Next-generation sequencing (NGS) technologies have led to rapid SNP discovery and high-throughput genotyping. As an NGS-based method, genotyping by sequencing (GBS) is a cost-effective approach based on genome complexity reduction for identifying genome-wide SNPs²⁶. Therefore, GBS have been commonly used as a powerful tool for high-resolution genetic mapping, genome-wide association study, and genetic diversity analysis in crop species^20,27,28,29. In this study, a total of 37,869 confident SNPs were generated using GBS in the collection of 48 F₁ pumpkin cultivars representing three main Cucurbit species (C. maxima, C. moschata, and C. pepo) and interspecific hybrids (C. maxima × C. moschata).

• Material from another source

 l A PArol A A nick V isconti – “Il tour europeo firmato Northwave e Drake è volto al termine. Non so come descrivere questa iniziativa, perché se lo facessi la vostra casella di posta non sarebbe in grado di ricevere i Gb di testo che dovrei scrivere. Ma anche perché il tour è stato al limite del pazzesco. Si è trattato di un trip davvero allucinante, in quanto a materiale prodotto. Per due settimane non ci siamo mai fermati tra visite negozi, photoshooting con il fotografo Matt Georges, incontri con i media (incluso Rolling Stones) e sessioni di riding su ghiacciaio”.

In addition, 26,707–34,869 SNPs were found in each of these four populations. Previous studies in pumpkins reported relatively small numbers of SNPs using inbred accessions. Blanca et al.¹⁹ identified 9,043 filtered SNPs between two C. pepo subspecies using NGS-based transcriptome sequencing. The GBS study generated 8,660 SNPs in the F₂ population of C. maxima²⁰. We also found similar percentages of transition (~63%) and transversion (~37%) SNPs relative to those in the study of Blanca et al.¹⁹. The genome-wide SNPs from the present study may be biased to C. maxima because the GBS reads of 48 F₁ cultivars were mapped to the C. maxima genome assembly for SNP discovery. Therefore, the GBS reads are deposited in the Sequence Read Archive (SRA) of NCBI (PRJNA633011) for a customized SNP identification with the C. moschata or C. pepo genomes. Our results contribute to developing a large SNP collection that is a useful resource to investigate genetic variations in three major pumpkin species.

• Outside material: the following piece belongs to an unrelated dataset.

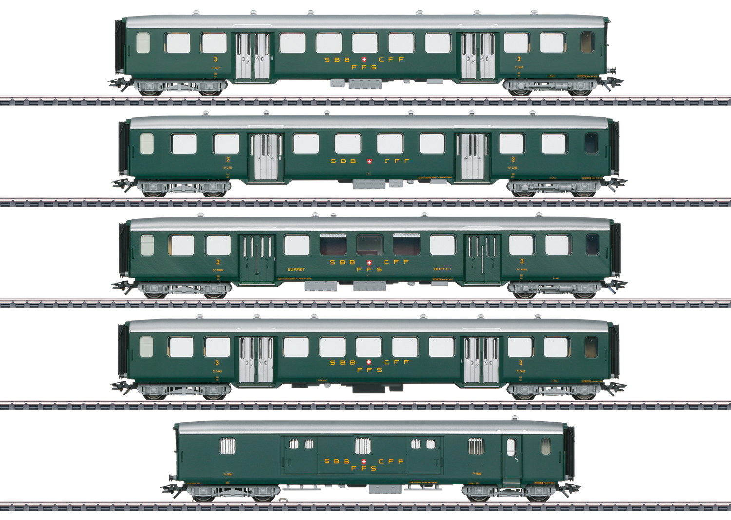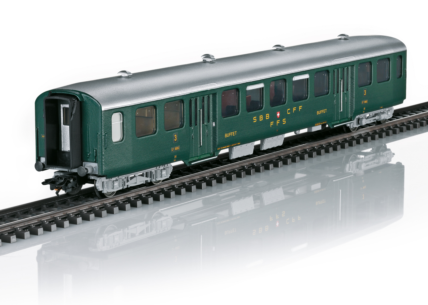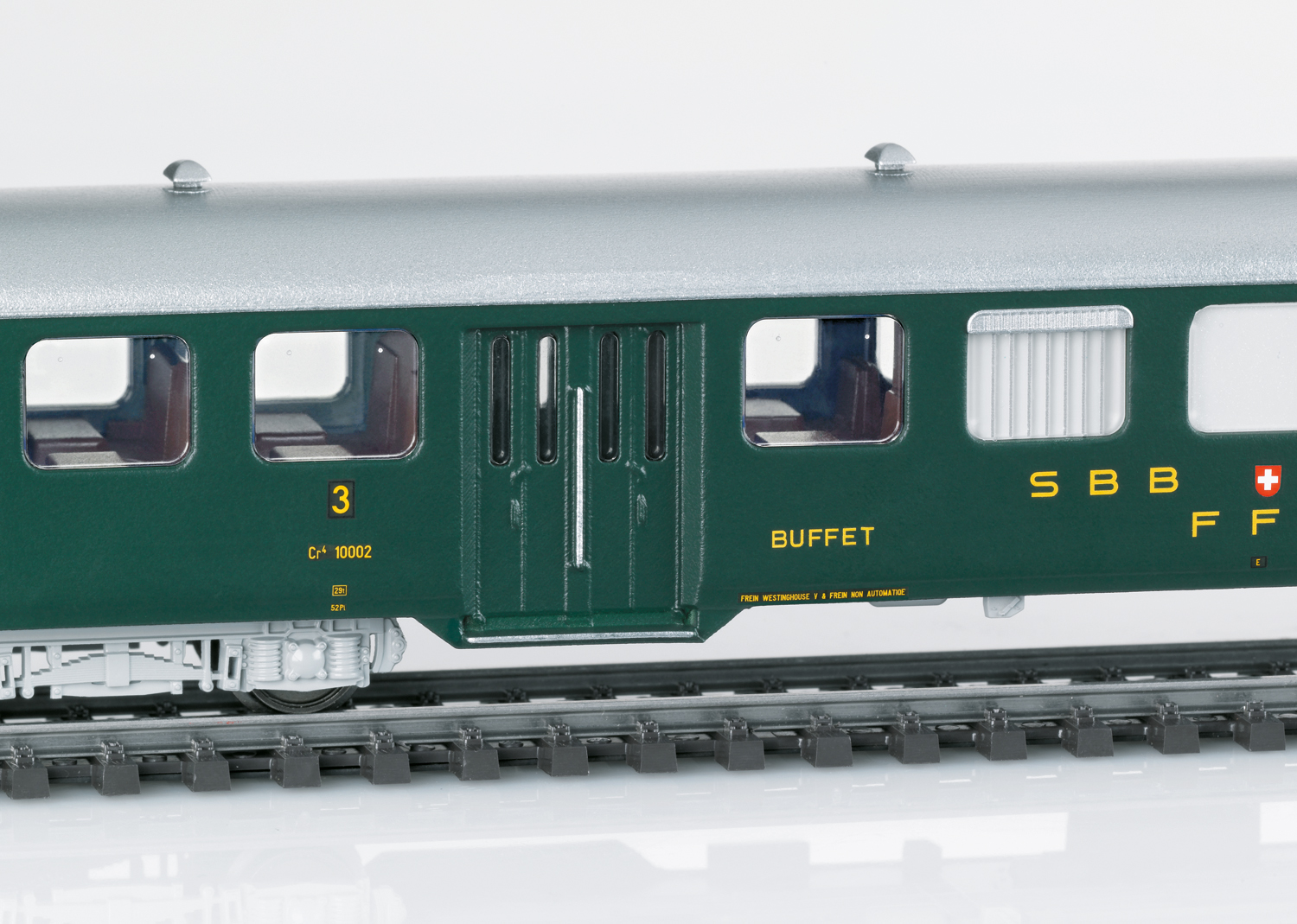 Leichtstahlwagen-Set zur Ae 3/6 I - Modell: Befahrbarer Mindestradius 360 mm. Alle Wagen mit serienmäßig eingebauter Innenbeleuchtung mit warmweißen Leuchtdioden (LED). Leichtstahl-Gepäckwagen serienmäßig mit Schleifer ausgestattet. Über die serienmäßig eingebauten stromführenden Kurzkupplungsköpfe kann der ganze Wagenverband mit Strom versorgt werden. Dazu ist eine fest definierte Fahrzeugreihenfolge vorgegeben. Lange Faltenbälge zum Auswechseln gegen die an den Enden des Wagen-Verbandes montierten kurzen Faltenbälge liegen bei. Gesamtlänge über Puffer 126 cm. Vorbild: 5 verschiedene Leichtstahlwagen unterschiedlicher Bauarten, in der Ausführung der Schweizerischen Bundesbahnen (SBB). 2 Leichtstahlwagen C4, 3. Klasse. 1 Leichtstahlwagen B4, 2. Klasse. 1 Leichtstahlwagen Cr4, 3. Klasse mit Buffet-Bereich. 1 Leichtstahl-Gepäckwagen F4. Für den Einsatz in Leichtschnellzügen im Flachland auf der Strecke Genf-Bern-Zürich. Alle Wagen in tannengrüner Grundfarbgebung. Betriebszustand um 1950. Die passende Elektrolokomotive Ae 3/6 I finden Sie im Märklin H0-Sortiment unter der Artikelnummer 39360. Dieses Leichtstahlagen-Set finden Sie in Gleichstromausführung im Trix H0-Sortiment unter der Artikelnummer 23134. Formvariante des Buffet-WagensAlle Wagen serienmäßig ausgestattet mit LED-InnenbeleuchtungStromführende Kurzkupplungsköpfe zwischen den einzelnen Wagen

A subset of 288 SNPs with ≥0.3 PIC values was used to genotype the 188 pumpkin accessions (94 F1 cultivars, 50 breeding lines, and 44 landraces) in the Fluidigm assay. Of these, 224 SNPs (77.8%) showed clear polymorphism in this collection. With these SNP markers, the 223 pumpkin accessions including 48 F₁ cultivars used for GBS were separated into four clusters in both PCA and UPGMA dendrogram. Most of the accessions in each cluster were derived from C. maxima, C. moschata, C. pepo, or C. maxima × C. moschata populations. The pairwise F_st and Nei’s genetic distance also indicated significant genetic differentiation between these four populations. Similar genetic relationships between these Cucurbit species were also previously found using SSR markers^16,30,31. In addition, the sub-division in the C. maxima × C. moschata accessions suggests that the interspecific hybrids used in this study are differentiated from two different genetic backgrounds. These results demonstrate that the SNP markers are a powerful tool to detect species-specific loci and/or alleles in discriminating Cucurbit species.

Both C. maxima (n = 73) and C. moschata (n = 63) populations displayed higher estimates of allelic richness, expected heterozygosity, and PIC than the C. pepo population (n = 45). In the study of Gong et al.³⁰, the C. pepo accessions showed the highest levels of genetic diversity among these three species, despite having a smaller number of accessions (18 C. maxima, 20 C. moschata, and 7 C. pepo). Cultivated C. pepo, which is known to have a great diversity of morphology, consisted of two subspecies: ssp.pepo (Pumpkin, Vegetable Marrow, Cocozelle, and Zucchini) and ssp.ovifers (Acorn, Scallop, Crookneck, and Straightneck)^32,33. In the PCA analysis, our C. pepo accessions were tightly aggregated in a cluster relative to the other two species, suggesting that the C. pepo population represents few morphotypes including Zucchini. Therefore, it is possible that this discrepancy in genetic diversity of C. pepo is due to the sampling of accessions.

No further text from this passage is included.